Wie Oliver Varga, Mediensprecher beim Bundesamt für Zoll und Grenzsicherheit (BAZG), auf Anfrage bestätigt, besteht die Rückerstattungsgebühr seit der Einführung der Mineralölsteuer. Er verweist auf das Mineralölsteuergesetz, das festhält, dass für Verfügungen und Dienstleistungen Gebühren erhoben werden können. Die entsprechenden Gebührensätze werden laut Varga vom Bundesrat festgelegt.

Für Treibstoffrückerstattungen an die Landwirtschaft werde dabei eine ermässigte Gebühr erhoben. «Diese beträgt 3 Prozent des Rückerstattungsbetrags, mindestens 25 Franken und höchstens 500 Franken.» Wie Varga weiter erklärt, dient die Gebühr zur Deckung des Verwaltungsaufwands für die Verarbeitung und die Prüfung der Gesuche sowie der Kosten für den Betrieb der elektronischen Applikationen, die für die Bearbeitung notwendig sind.

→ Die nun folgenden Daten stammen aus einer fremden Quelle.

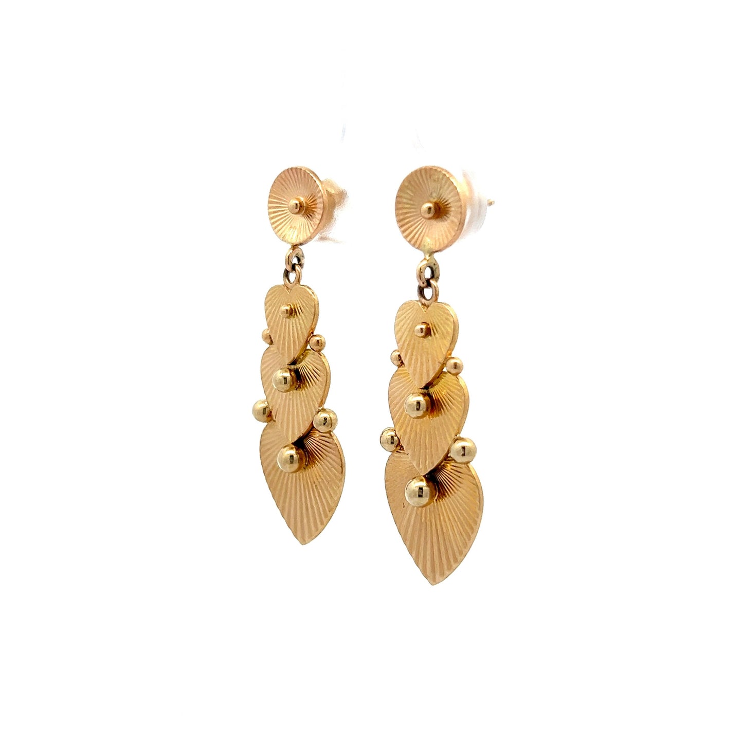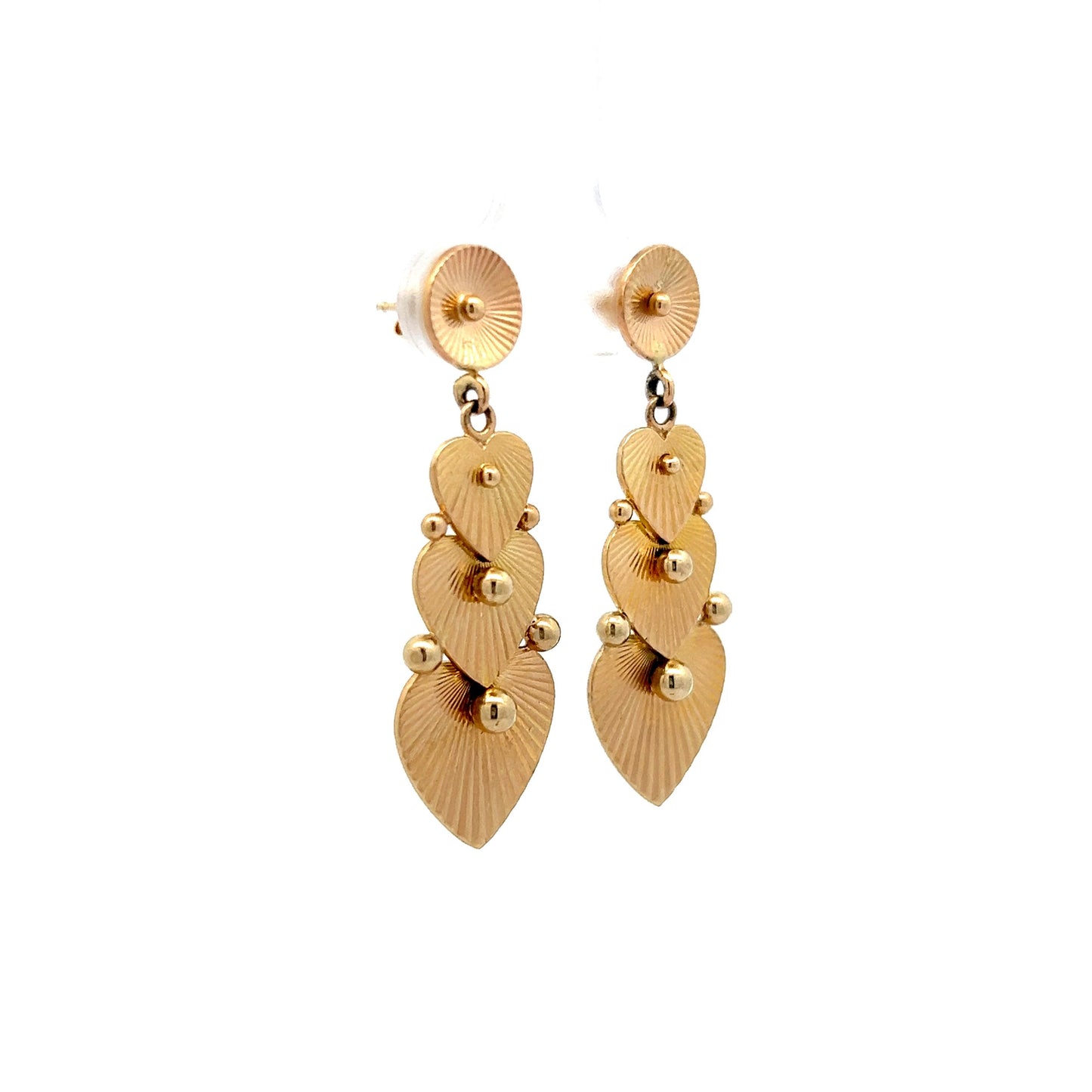 Stacked Heart Drop Earrings in 14k Yellow Gold

Im Rahmen der Verordnungsarbeiten zum BAZG-Vollzugsaufgabengesetz werde die Gebührenverordnung derzeit überarbeitet. «Im Jahr 2025 beliefen sich die Einnahmen aus diesen Gebühren im Bereich der Rückerstattung an die Landwirtschaft insgesamt auf rund 2 Millionen Franken.»

Kommentare (18)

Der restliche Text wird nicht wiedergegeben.